— TASK PROMPT —
Reproduce every line below exactly as written; do not include the images.

— DATA EXTRACT —
-*-

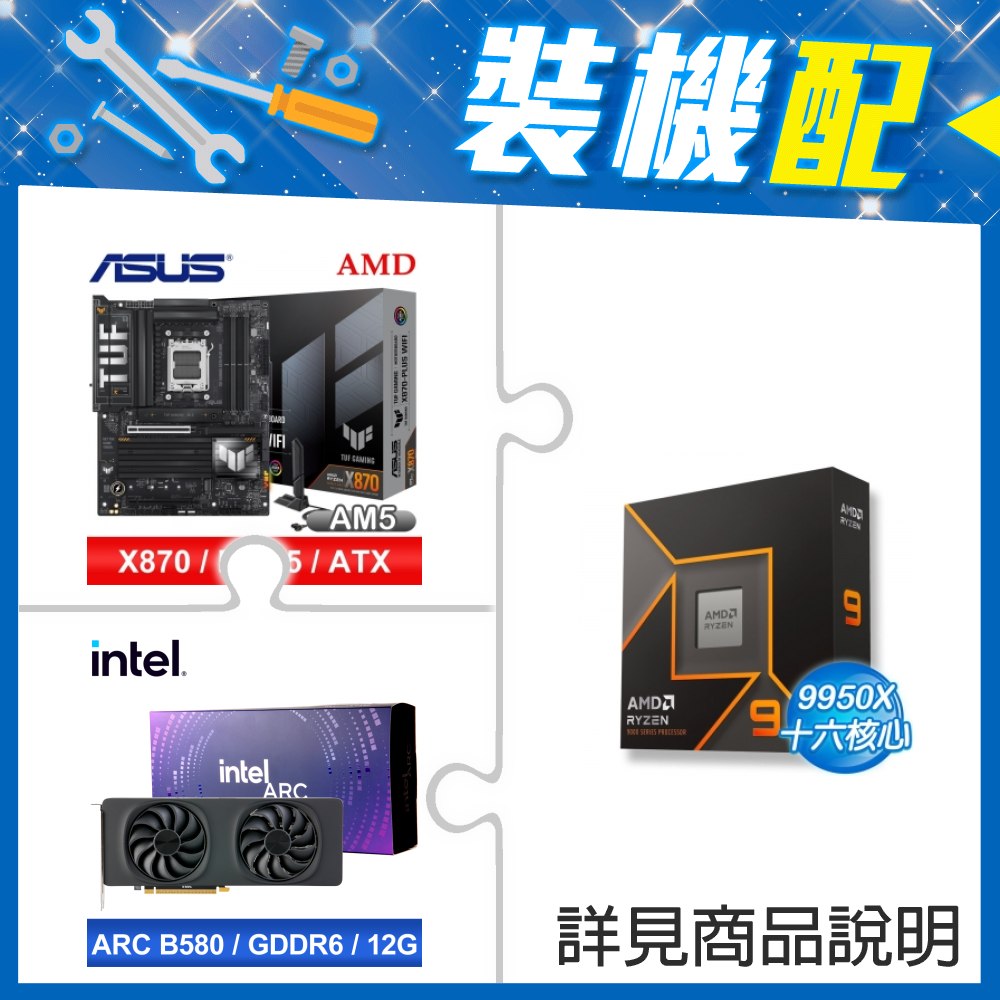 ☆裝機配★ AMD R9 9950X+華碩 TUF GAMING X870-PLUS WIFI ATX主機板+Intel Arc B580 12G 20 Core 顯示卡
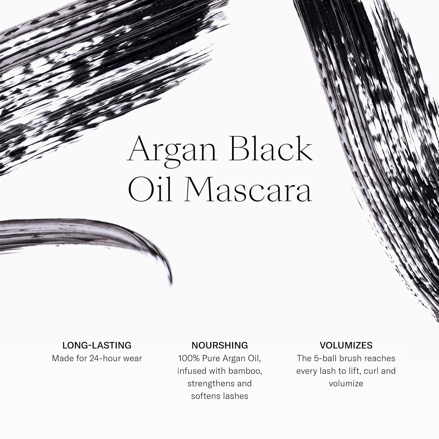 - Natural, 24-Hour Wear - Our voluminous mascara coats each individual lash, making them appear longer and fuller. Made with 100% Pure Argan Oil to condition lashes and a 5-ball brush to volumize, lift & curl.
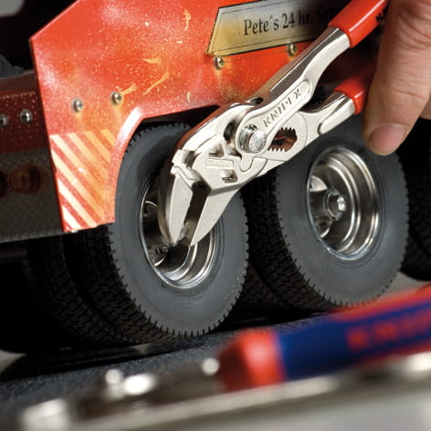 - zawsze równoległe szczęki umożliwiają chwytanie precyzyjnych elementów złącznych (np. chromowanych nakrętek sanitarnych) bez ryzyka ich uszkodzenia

-*-

— TASK RESPONSE —
 ☆裝機配★ AMD R9 9950X+華碩 TUF GAMING X870-PLUS WIFI ATX主機板+Intel Arc B580 12G 20 Core 顯示卡
 - Natural, 24-Hour Wear - Our voluminous mascara coats each individual lash, making them appear longer and fuller. Made with 100% Pure Argan Oil to condition lashes and a 5-ball brush to volumize, lift & curl.
 - zawsze równoległe szczęki umożliwiają chwytanie precyzyjnych elementów złącznych (np. chromowanych nakrętek sanitarnych) bez ryzyka ich uszkodzenia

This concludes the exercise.